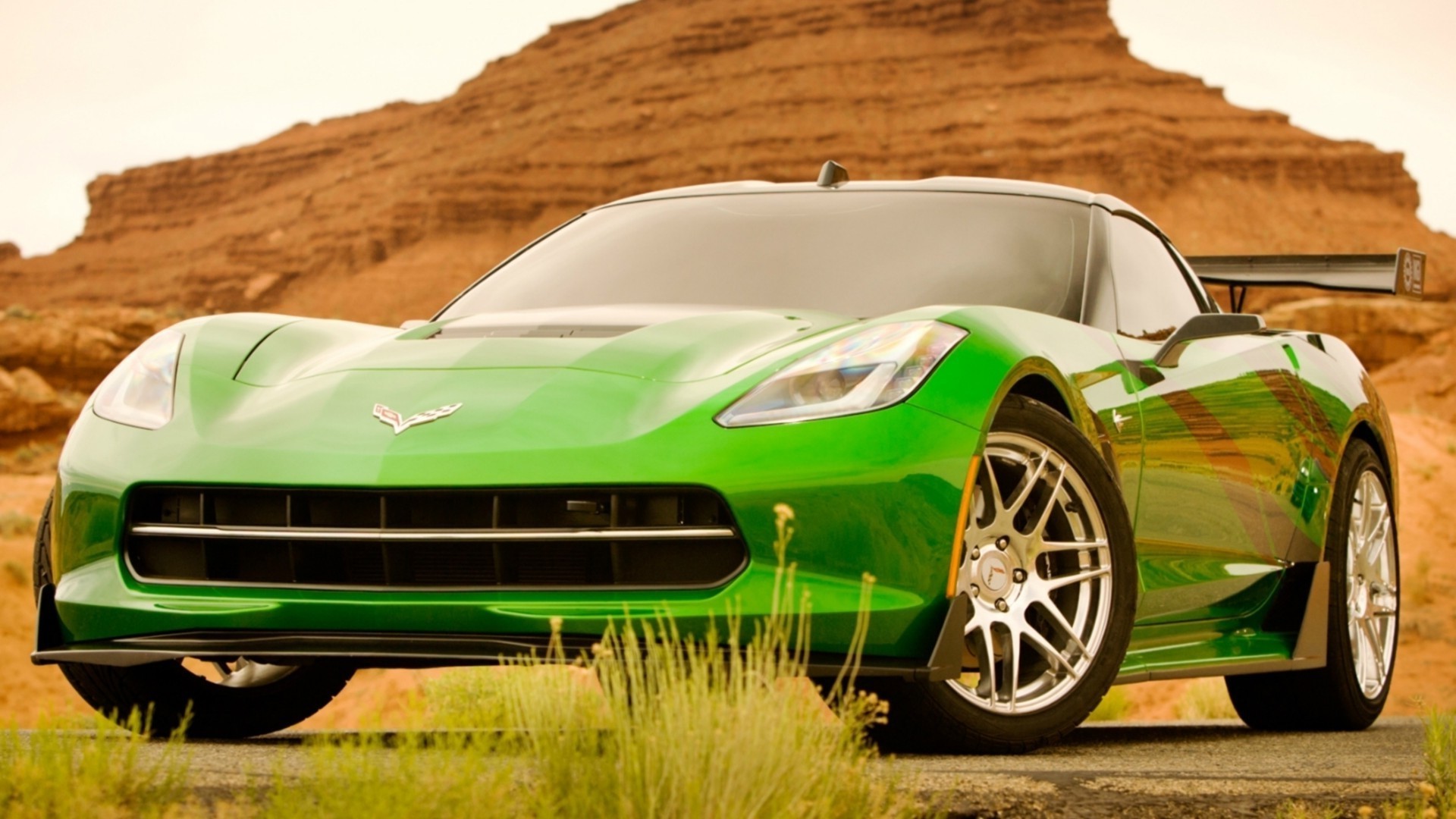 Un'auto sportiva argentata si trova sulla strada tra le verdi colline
══════════════════════════════
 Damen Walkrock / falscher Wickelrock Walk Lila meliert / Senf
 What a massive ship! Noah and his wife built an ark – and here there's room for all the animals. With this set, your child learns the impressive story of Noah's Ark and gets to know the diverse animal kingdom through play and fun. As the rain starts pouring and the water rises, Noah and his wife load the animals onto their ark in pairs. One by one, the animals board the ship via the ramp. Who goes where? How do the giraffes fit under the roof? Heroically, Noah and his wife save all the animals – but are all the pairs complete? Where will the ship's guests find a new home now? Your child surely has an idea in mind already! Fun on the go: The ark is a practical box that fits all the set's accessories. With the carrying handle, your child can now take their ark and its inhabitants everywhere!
══════════════════════════════
EXERCISE AIM> Taking the line with "Damen Walkrock /" as the first and the line with "What a massive" as the last, retype that stretch of the data above exactly, with no other lines.

ANSWER>
 Damen Walkrock / falscher Wickelrock Walk Lila meliert / Senf
 What a massive ship! Noah and his wife built an ark – and here there's room for all the animals. With this set, your child learns the impressive story of Noah's Ark and gets to know the diverse animal kingdom through play and fun. As the rain starts pouring and the water rises, Noah and his wife load the animals onto their ark in pairs. One by one, the animals board the ship via the ramp. Who goes where? How do the giraffes fit under the roof? Heroically, Noah and his wife save all the animals – but are all the pairs complete? Where will the ship's guests find a new home now? Your child surely has an idea in mind already! Fun on the go: The ark is a practical box that fits all the set's accessories. With the carrying handle, your child can now take their ark and its inhabitants everywhere!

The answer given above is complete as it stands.